Significance level (α)
The cutoff probability for deciding whether evidence is strong enough to reject H0 (e.g., α = 0.05).
Statistical significance
A result is statistically significant if the p-value is less than α, indicating evidence against H0 beyond random sampling variation.
Practical importance
Whether an effect is large enough to matter in context; statistical significance does not guarantee practical importance.
Confidence interval for the population slope
A range of plausible values for β1, typically computed as b1 ± t*SEb1, and interpreted as change in the population mean response per 1 unit of x.
Critical value (t*)
The t multiplier from the t distribution (with df = n−2) that matches the desired confidence level for an interval.
Margin of error (ME)
The amount added/subtracted in a confidence interval: ME = t* × SEb1.
Mean response (μy)
The population average value of y at a given x; regression inference targets how μy changes with x, not individual outcomes.
Predicted value (ŷ)
The value of y predicted by the sample regression line for a given x.
Linearity condition
Condition that the relationship between x and the mean of y is approximately linear; checked with a scatterplot and/or residual plot (no curved pattern).
Independence condition
Condition that observations are independent; supported by random sampling or random assignment and by avoiding situations with dependence (e.g., related subjects).
10% condition
When sampling without replacement, independence is plausible if the sample size n is less than 10% of the population.
Time correlation
Dependence across observations collected over time (e.g., daily prices/temperatures) that can violate the independence assumption.

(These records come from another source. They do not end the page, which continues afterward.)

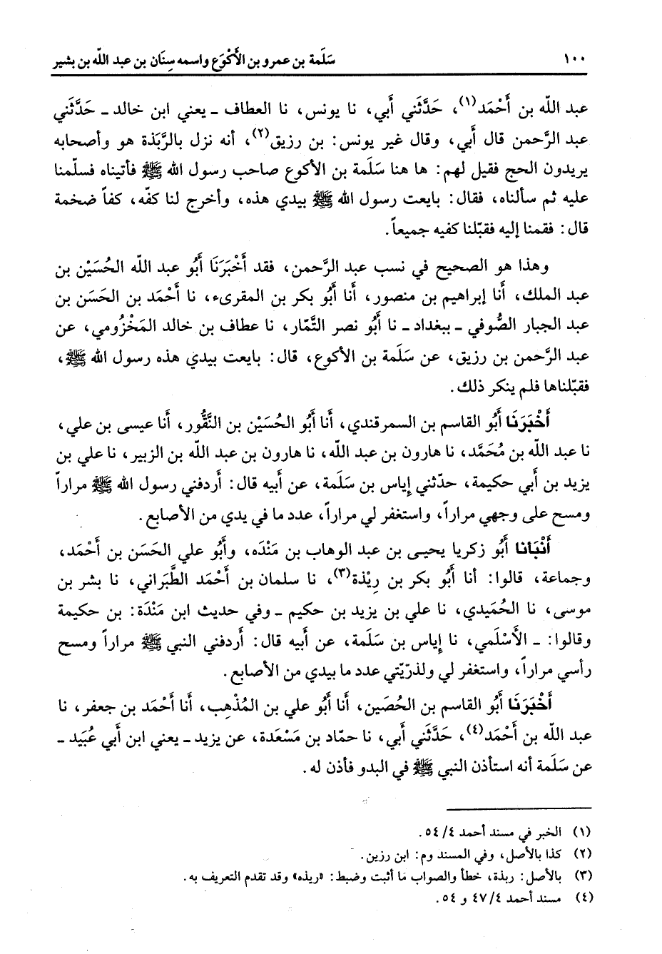 عبد الله بن أحمد (1) حدثني أبي نا يونس نا العطاف يعني ابن خالد حدثني عبد الرحمن قال أبي وقال غير يونس بن رزيق (2) أنه نزل بالربذة هو وأصحابه يريدون الحج فقيل لهم ها هنا سلمة بن الأكوع صاحب رسول الله (صلى الله عليه وسلم) فأتيناه فسلمنا عليه ثم سألناه فقال بايعت رسول الله (صلى الله عليه وسلم) بيدي هذه وأخرج لنا كفه كفا ضخمة قال فقمنا إليه فقبلنا كفيه جميعا وهذا هو الصحيح في نسب عبد الرحمن فقد أخبرنا أبو عبد الله الحسين بن عبد الملك أنا إبراهيم بن منصور أنا أبو بكر بن المقرئ نا أحمد بن الحسن بن عبد الجبار الصوفي ببغداد نا أبو نصر التمار نا عطاف بن خالد المخزومي عن عبد الرحمن بن رزيق عن سلمة بن الأكوع قال بايعت بيدي هذه رسول الله (صلى الله عليه وسلم) فقبلناها فلم ينكر ذلك أخبرنا أبو القاسم بن السمرقندي أنا أبو الحسين بن النقور أنا عيسى بن علي نا عبد الله بن محمد نا هارون بن عبد الله نا هارون بن عبد الله بن الزبير نا علي بن يزيد بن أبي حكيمة حدثني إياس بن سلمة عن أبيه قال أردفني رسول الله (صلى الله عليه وسلم) مرارا ومسح على وجهي مرارا واستغفر لي مرارا عدد ما في يدي من الأصابع أنبأنا أبو زكريا يحيى بن عبد الوهاب بن منده وأبو علي الحسن بن أحمد وجماعة قالوا أنا أبو بكر بن ريذة (3) نا سلمان بن أحمد الطبراني نا بشر بن موسى نا الحميدي نا علي بن يزيد بن حكيم وفي حديث ابن مندة بن حكيمة وقالوا الأسلمي نا إياس بن سلمة عن أبيه قال أردفني النبي (صلى الله عليه وسلم) مرارا ومسح رأسي مرارا واستغفر لي ولذريتي عدد ما بيدي من الأصابع أخبرنا أبو القاسم بن الحصين أنا أبو علي بن المذهب أنا أحمد بن جعفر نا عبد الله بن أحمد (4) حدثني أبي نا حماد بن مسعدة عن يزيد يعني ابن أبي عبيد عن سلمة أنه استأذن النبي (صلى الله عليه وسلم) في البدو فأذن له
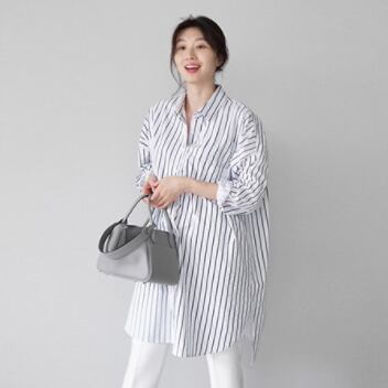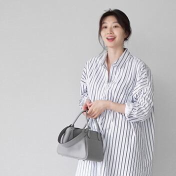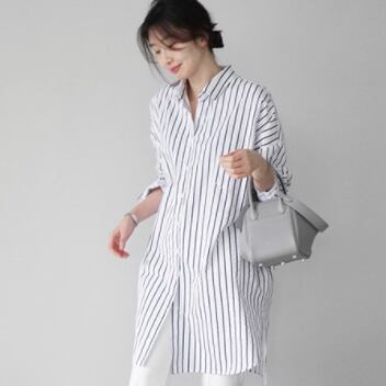 襟付きの長袖シャツワンピース。前開きで着脱もラクラク。無地とストライプの2種類から選べ、どちらもきれいめで大人可愛い雰囲気が漂います。シンプルなデザインだから、アクセサリーやバッグでコーディネートのアクセントを加えるのもおすすめです。着る人それぞれのスタイルや体型に合うよう、身幅や袖口もゆったりめに設定しました。
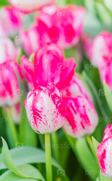 Поле цветущих весенних розовых и белых тюльпанов в саду

Normality of residuals condition
Condition that residuals are approximately normally distributed around the line; checked with a histogram or normal probability plot of residuals (not y itself).
Equal variance (constant spread) condition
Condition that the variability of residuals is roughly constant across x; checked by looking for no fanning/funneling in a residual plot.
Funnel (fan) pattern
A residual plot pattern where residual spread increases or decreases with x, indicating nonconstant variance (violating equal variance).
Influential point
A data point that strongly affects the fitted line (slope, SE, p-value) and can change conclusions; often associated with extreme x or large residuals.
High leverage point
A point with an extreme x-value compared to the rest of the data that can “pull” the regression line.
Outlier (large residual)
A point with an unusually large vertical deviation from the regression line; can distort regression results, especially if also high leverage.
Extrapolation
Using a regression model to predict for x-values far outside the observed range; predictions and inference are less trustworthy there.
r-squared (coefficient of determination)
The proportion of variation in y explained by the linear model with x; unitless and distinct from interpreting slope or establishing causation.